The Kowloon Canton Railway Corporation (KCRC) constructed the the 7.4km Lok Ma Chau Spurline section of the rail crossing between Hong Kong SAR and Mainland China . The design and build contract, ‘LBD201 – Sheung Shui to Chau Tau Tunnels’ forms part of the Spurline and comprises the design and construction of 3.6km of 8.75m excavated diameter twin bored tunnels and approximately 1.4km of cut-and-cover approach tunnels and associated structures.
This case study focuses on the back analysis of the particularly challenging East Approach cut-and-cover tunnels section of the project, which has recently been completed. The results of the back analysis showed the ground stiffness to be consistent with other published data.
How Oasys proved invaluable
Ove Arup and Partners Hong Kong Ltd were commissioned by DJV to carry out the detailed design.
The construction and monitoring method used to build the 700m long section of cut-and-cover tunnels to the north of Sheung Shui station has been described in detail by Storry et al (2005). It involved excavations of up to 14m deep and 20m wide, within 1.5m of the live KCRC East Rail mainlines and within 1m of the Dongjiang Watermains, which supply Hong Kong’s potable water from China. Control of ground movements was critical to minimise disruption.
The East Approach cut-and-cover tunnels were constructed within restricted land boundaries and could not impact on the operation of the existing mainline. The final design required two singlebox cut-and-cover tunnels to be constructed side-by-side, both at different levels, ramping down into the main bored tunnels section.
The full length of the East Approach cut-and-cover tunnels was split into sections to facilitate construction. These were formed within temporary sheet-pile wall box excavations varying from 8m to 20m in width. The figure below shows one of the strutted sheet-pile excavations under construction sandwiched between the live railway and the watermains.
The system of monitoring instrumentation was a key component in satisfying the railway operator and Water Supplies Department (WSD) of the robustness of the design and the suitability of the construction methods.
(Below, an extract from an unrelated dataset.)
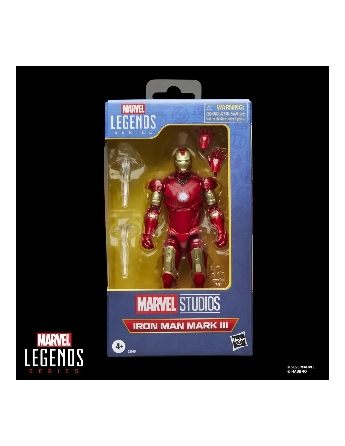 Características de Iron Man Mark III Marvel Legends SeriesLa figura **Iron Man Mark III** de la línea **Marvel Legends Series** está pensada para fans y coleccionistas que buscan **detalle, articulación y fidelidad cinematográfica**. Fabricada por Hasbro bajo licencia oficial de Marvel, esta versión del icónico traje Mark III ofrece una excelente combinación entre diseño realista y posibilidades de posado para exhibición.Diseño premium y alto nivel de detalleEsta figura destaca por su **esculpido preciso y un acabado metálico de alta calidad**, que reproduce fielmente la armadura vista en el Universo Cinematográfico de Marvel. El formato de 15 cm la hace compatible con otras figuras de la misma línea.Altura aproximada: 15 cmMaterial: PVC con detalles pintadosLicencia oficial MarvelArticulaciones y accesorios para posados dinámicosCon **más de 20 puntos de articulación**, la figura permite recrear una amplia variedad de poses de acción. Además, incluye accesorios intercambiables para potenciar su versatilidad y realismo.Incluye 2 manos alternativas2 efectos de propulsión translúcidosDiseñada para posados y colecciónPresentación ideal para coleccionistasLa figura viene en un **empaque tipo ventana**, perfecto para quienes desean exhibirla sin sacarla de la caja. Su presentación cuidada y el acabado visual la convierten en una excelente opción para coleccionistas de Marvel.Packaging con ventana frontalFabricante: HasbroEdición limitadaOtras especificacionesPeso: 190 g

The instrumentation included:
- Ground deformation monitoring points on adjacent existing structures and utilities sensitive to movement;
- Piezometers to monitor ground water levels around the excavations;
- Inclinometers (installed within steel tubes that were welded and driven together with the sheet-piles) to monitor deflection of the temporary retaining walls; and
- Real-time monitoring of the existing and diverted East Rail tracks.
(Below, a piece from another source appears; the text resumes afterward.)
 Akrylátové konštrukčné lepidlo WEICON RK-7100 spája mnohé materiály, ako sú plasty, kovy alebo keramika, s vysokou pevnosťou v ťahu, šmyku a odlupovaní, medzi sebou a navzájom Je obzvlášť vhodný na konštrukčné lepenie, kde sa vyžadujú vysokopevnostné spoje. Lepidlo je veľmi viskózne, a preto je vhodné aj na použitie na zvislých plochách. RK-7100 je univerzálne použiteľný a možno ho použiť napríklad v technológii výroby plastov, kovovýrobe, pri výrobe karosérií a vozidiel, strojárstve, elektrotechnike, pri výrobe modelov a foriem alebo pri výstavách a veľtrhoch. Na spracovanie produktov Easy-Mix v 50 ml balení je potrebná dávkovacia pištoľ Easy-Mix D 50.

The design of the retaining walls and the strutting sequence was done using the OASYS Frew software, which outputs the lateral displacement of the pile face. To convert this into vertical and lateral movements behind the wall, the recommendations of CIRIA Report C580, on the soil deformation analysis and radius of influence were adopted.
The effect on the groundwater was estimated using seepage analysis. Assumptions on the ground movement profile were verified using two-dimensional finite element computations undertaken in OASYS Safe.
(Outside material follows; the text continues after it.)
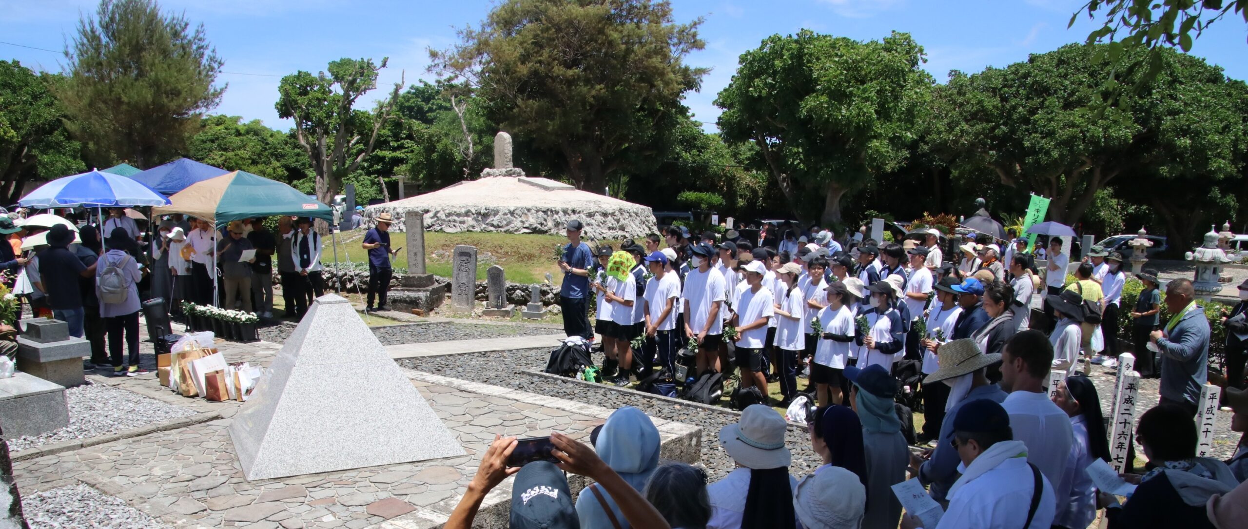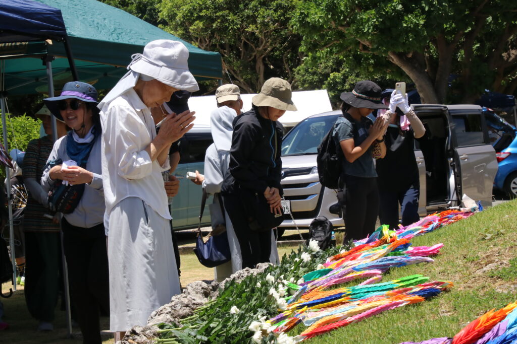 沖縄戦で組織的戦闘が終結したとされる沖縄「慰霊の日」の6月23日、那覇教区(ウェイン・バーント司教)は第39回「カトリック那覇教区平和巡礼」を開催した。終戦から80年を迎えた今年の平和巡礼には、世界平和の実現に力を尽くす誓いを新たにするため全国から13教区の司教も参加。住民を巻き込んだ激しい地上戦で20万人を超える人々が犠牲になった沖縄の人々と祈りを共にし、「もう二度と、武装しない させない」決意を新たにした。巡礼には約200人が参加した。

Ground movement predictions were carried out based on free field predictions of movement. Structural stiffness was not considered when assessing building, structure and utility movements, so these predictions were considered conservative.
Back Analysis – Comparison to Ground Monitoring Data
Inclinometer monitoring of the sheet-pile wall confirmed that the displacements of the retaining walls were well within those predicted by the design.
Back analysis was carried out based on the observed wall deflections to determine the actual ground stiffness.
The construction sequence at these sections can be summarised as follows:
- Install temporary sheet-pile walls and conduct pumping test to demonstrate water-tightness of the cofferdam;
- Excavate and install temporary top strut, S1;
- Excavate and install temporary lower strut, S2;
- Excavate to the final excavation level and install base slab and lower wall;
- Remove strut S2, and construct the remaining wall and roof slab of the permanent tunnel structure; and
- Remove strut S1.
A comparison of the predicated and actual wall movements are shown.
It can be noted that the actual wall deflections were less than those predicted during design. This is considered to be due to the adoption of conservative soil parameters, actual ground water levels about 0.5m below the design water levels and live loads from the trains not being permanently applied.
Back analysis was carried out by enhancing the soil stiffnesses to obtain a best fit of the wall deflection profile. Corresponding wall deflections are shown below for steps taken to ‘match’ the measured wall deflections, which can be summarised as follows:
Step 0: Use actual ground water levels and ignoring live loads from trains.
Step 1: Increase stiffness of CDV to 4N.
Step 2: Increase stiffness of coarse alluvium to 4N.
Step 3: Increase stiffness of fill to 1.5N.
A detailed discussion of the back analyses is available in the Pan et al paper.
In general, the back-analysed stiffness values compare favourably with case histories of other excavation projects in Hong Kong.
As for the effects of wall friction, this is dependent on the condition of the sheet-pile and the method of installation. The back analysis demonstrates that the wall friction could lie between 0.5 and1.0 Æ’.
The LDB201 East Approach cut-and-cover tunnels have been successfully constructed within a narrow strip of land 1.5m from a live railway and 1m from one of Hong Kong’s primary water supplies.